» **WHAT THIS TASK INVOLVES**
Copy the listing below letter for letter, passing over each picture.

» **EXERCISE DATA**
- Opening Delimiter -
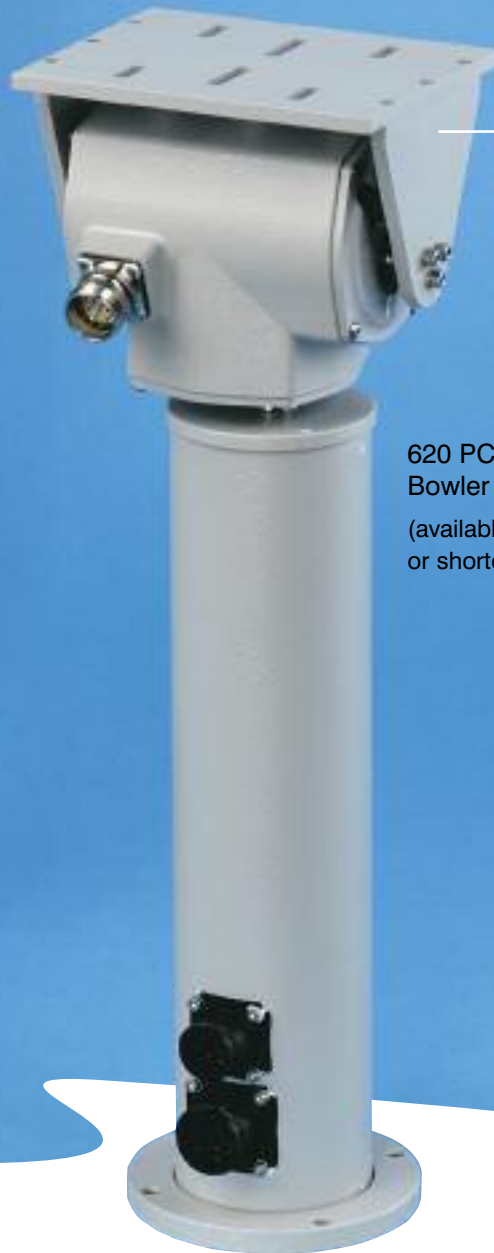
620 PCR Bowler (available with standard or shortened column)
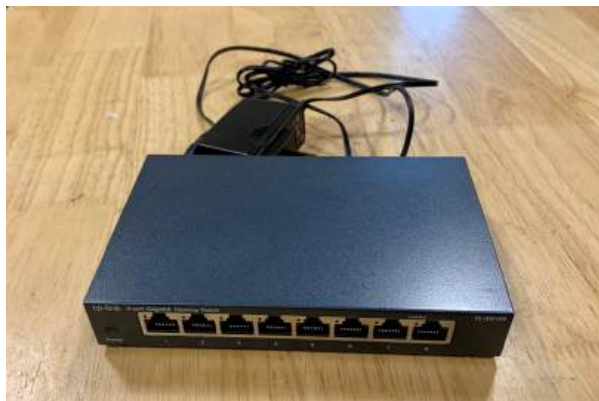
TP-Link 8-Port Gigabit Switch model TL-SG108, $10
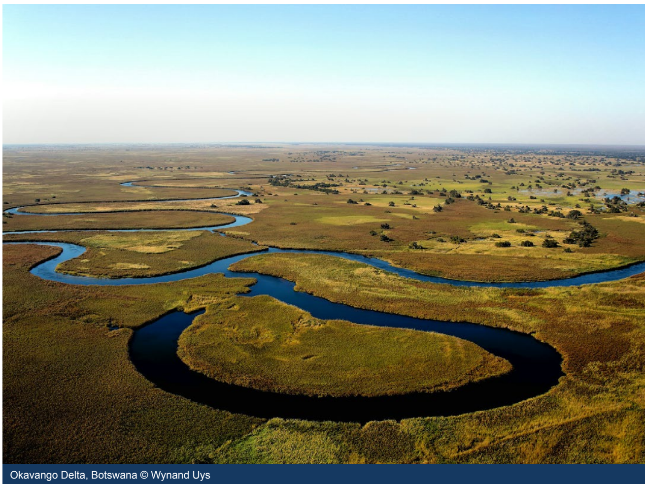
Okavango Delta, Botswana

of OUV. For each site, the Statement of OUV, which is the “key reference for the future effective protection and management of the property” (UNESCO, 2023a, ss. 51, 154–155), was text-searched for the words “river”, “stream”, “creek”, “río”, “basin”, “wetland”, “waterfall”, “watershed”, “watercourse”, “delta”, and “aquatic”. For properties which do not currently have a Statement of OUV (for example, Danube Delta), the same search terms were applied to (1) the site description available on the WH online database (UNESCO, 2023c), and (2) the relevant inscription decision. For each property that returned a positive result, the relevant site map on the WH online database (UNESCO, 2023c) (where available) was consulted to confirm that a river was included within the site boundary. Then, a determination was made whether the river contributed to OUV by assessing whether (1) the positive search terms related to a river and not a different body of water, such as a lake 1 ; and (2) there was a thematic connection between the river and the applicable OUV criteria and criteria narratives. Sites were excluded if a river was merely referenced to provide geographical context, such as defining a site boundary 2 .
- Closing Delimiter -
» **ANSWER SECTION**
620 PCR Bowler (available with standard or shortened column)
TP-Link 8-Port Gigabit Switch model TL-SG108, $10
Okavango Delta, Botswana

of OUV. For each site, the Statement of OUV, which is the “key reference for the future effective protection and management of the property” (UNESCO, 2023a, ss. 51, 154–155), was text-searched for the words “river”, “stream”, “creek”, “río”, “basin”, “wetland”, “waterfall”, “watershed”, “watercourse”, “delta”, and “aquatic”. For properties which do not currently have a Statement of OUV (for example, Danube Delta), the same search terms were applied to (1) the site description available on the WH online database (UNESCO, 2023c), and (2) the relevant inscription decision. For each property that returned a positive result, the relevant site map on the WH online database (UNESCO, 2023c) (where available) was consulted to confirm that a river was included within the site boundary. Then, a determination was made whether the river contributed to OUV by assessing whether (1) the positive search terms related to a river and not a different body of water, such as a lake 1 ; and (2) there was a thematic connection between the river and the applicable OUV criteria and criteria narratives. Sites were excluded if a river was merely referenced to provide geographical context, such as defining a site boundary 2 .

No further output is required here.